> [Records supplied]:
******

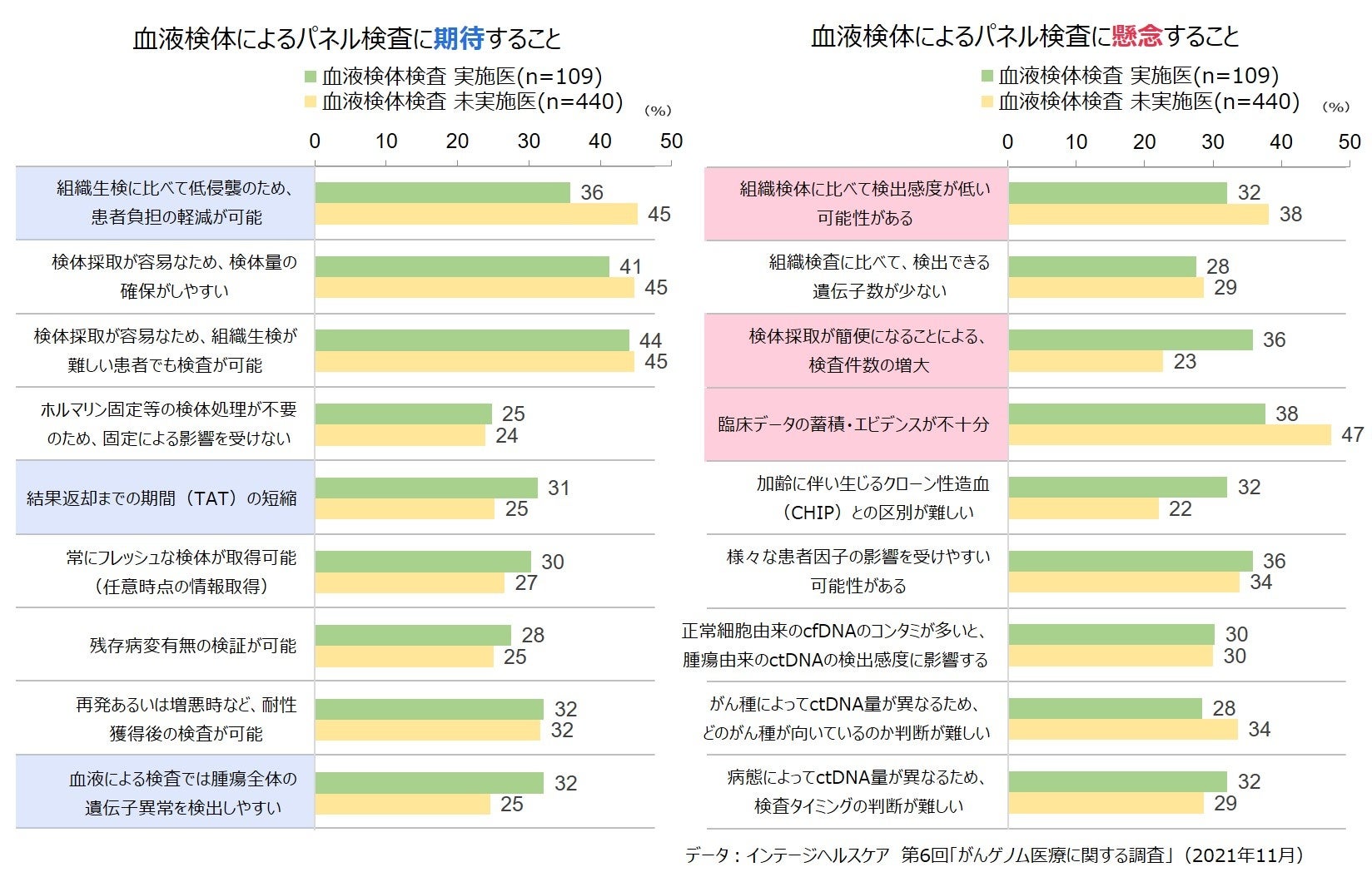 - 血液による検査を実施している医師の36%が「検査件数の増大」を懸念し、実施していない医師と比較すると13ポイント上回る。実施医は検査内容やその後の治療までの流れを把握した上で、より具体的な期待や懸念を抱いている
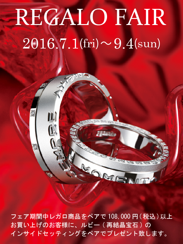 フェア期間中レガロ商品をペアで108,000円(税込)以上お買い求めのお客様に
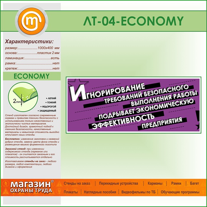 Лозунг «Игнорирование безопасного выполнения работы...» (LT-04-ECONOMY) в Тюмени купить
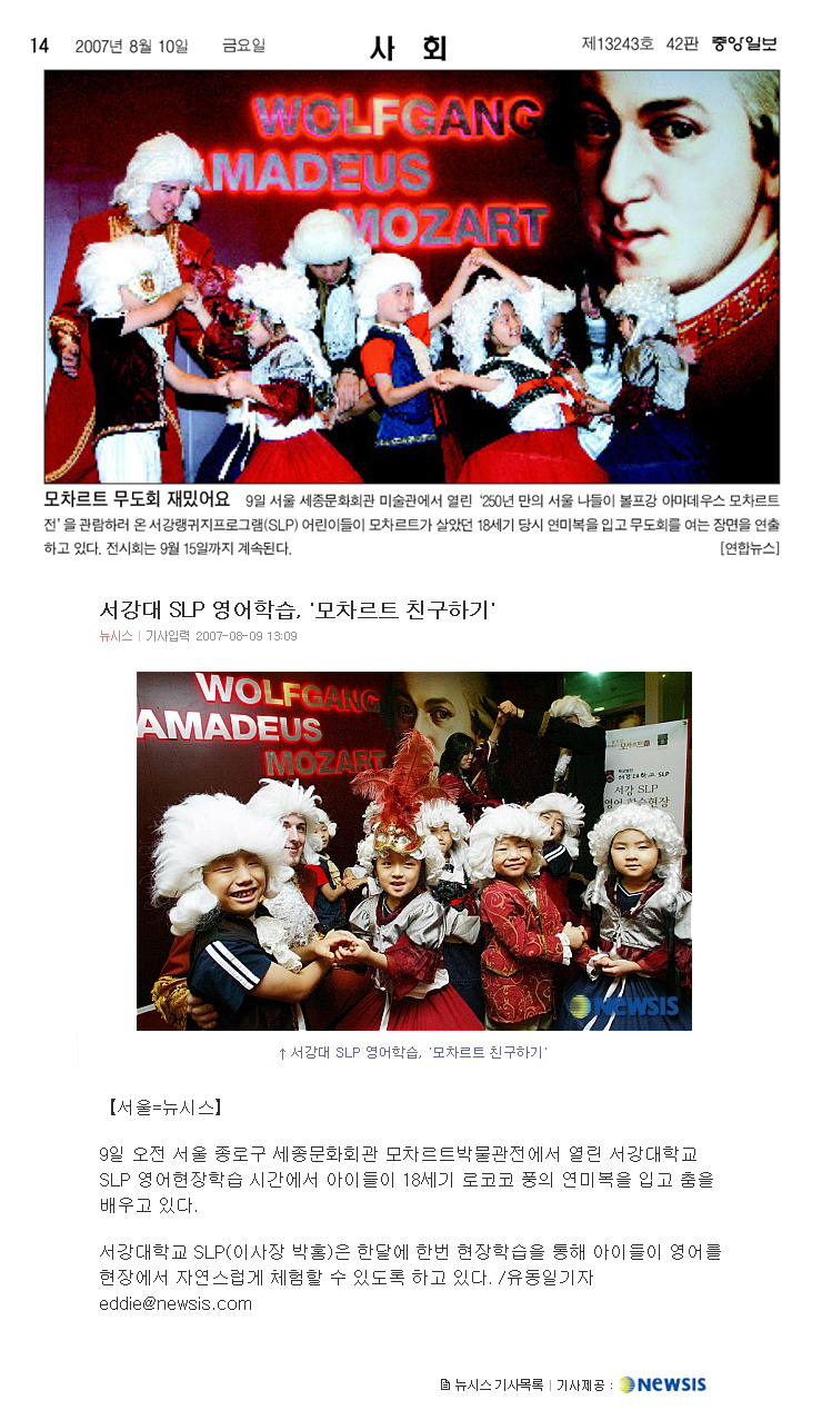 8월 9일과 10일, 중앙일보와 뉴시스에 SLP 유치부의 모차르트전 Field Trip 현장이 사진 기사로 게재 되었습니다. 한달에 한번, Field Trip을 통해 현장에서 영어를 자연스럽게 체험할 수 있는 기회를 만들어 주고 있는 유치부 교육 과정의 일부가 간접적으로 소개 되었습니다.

******

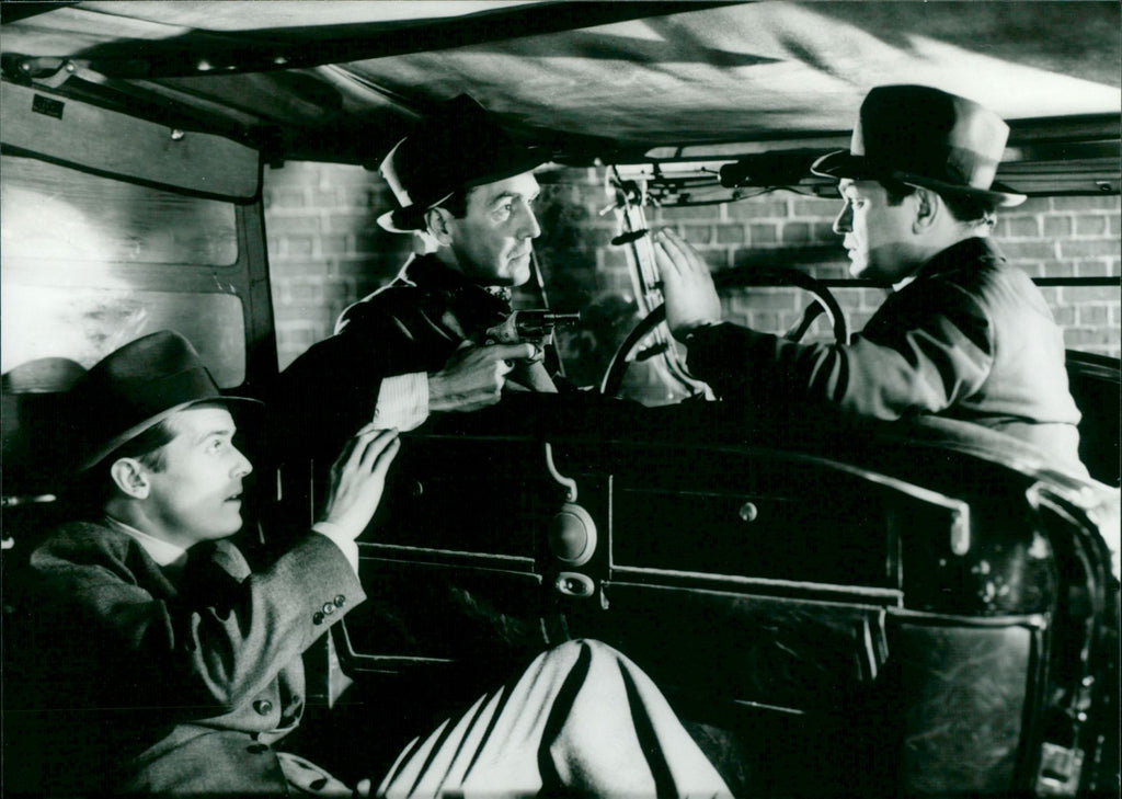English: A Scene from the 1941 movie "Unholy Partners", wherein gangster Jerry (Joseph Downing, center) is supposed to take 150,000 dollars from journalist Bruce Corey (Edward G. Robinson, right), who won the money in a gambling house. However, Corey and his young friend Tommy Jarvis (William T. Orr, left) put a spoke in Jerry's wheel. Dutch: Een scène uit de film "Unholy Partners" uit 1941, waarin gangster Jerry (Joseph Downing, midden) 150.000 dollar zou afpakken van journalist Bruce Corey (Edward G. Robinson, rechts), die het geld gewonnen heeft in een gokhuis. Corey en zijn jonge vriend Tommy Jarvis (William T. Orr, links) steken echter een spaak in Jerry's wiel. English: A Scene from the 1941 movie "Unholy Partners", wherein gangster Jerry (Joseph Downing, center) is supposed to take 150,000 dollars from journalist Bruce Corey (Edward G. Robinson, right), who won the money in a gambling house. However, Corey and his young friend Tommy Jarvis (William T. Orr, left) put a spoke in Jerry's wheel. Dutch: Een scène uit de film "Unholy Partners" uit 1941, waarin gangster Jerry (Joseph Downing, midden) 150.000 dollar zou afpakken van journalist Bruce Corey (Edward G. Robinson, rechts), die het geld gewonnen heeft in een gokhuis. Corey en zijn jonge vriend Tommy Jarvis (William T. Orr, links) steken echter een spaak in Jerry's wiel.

******

> [Task prompt]:
For the data above, set down exactly the lines from the line with "- 血液による検査を実施して" to the line with "8월 9일과 10일, 중앙일보와", both included, leaving pictures out.

> [Solution]:
 - 血液による検査を実施している医師の36%が「検査件数の増大」を懸念し、実施していない医師と比較すると13ポイント上回る。実施医は検査内容やその後の治療までの流れを把握した上で、より具体的な期待や懸念を抱いている
 フェア期間中レガロ商品をペアで108,000円(税込)以上お買い求めのお客様に
 Лозунг «Игнорирование безопасного выполнения работы...» (LT-04-ECONOMY) в Тюмени купить
 8월 9일과 10일, 중앙일보와 뉴시스에 SLP 유치부의 모차르트전 Field Trip 현장이 사진 기사로 게재 되었습니다. 한달에 한번, Field Trip을 통해 현장에서 영어를 자연스럽게 체험할 수 있는 기회를 만들어 주고 있는 유치부 교육 과정의 일부가 간접적으로 소개 되었습니다.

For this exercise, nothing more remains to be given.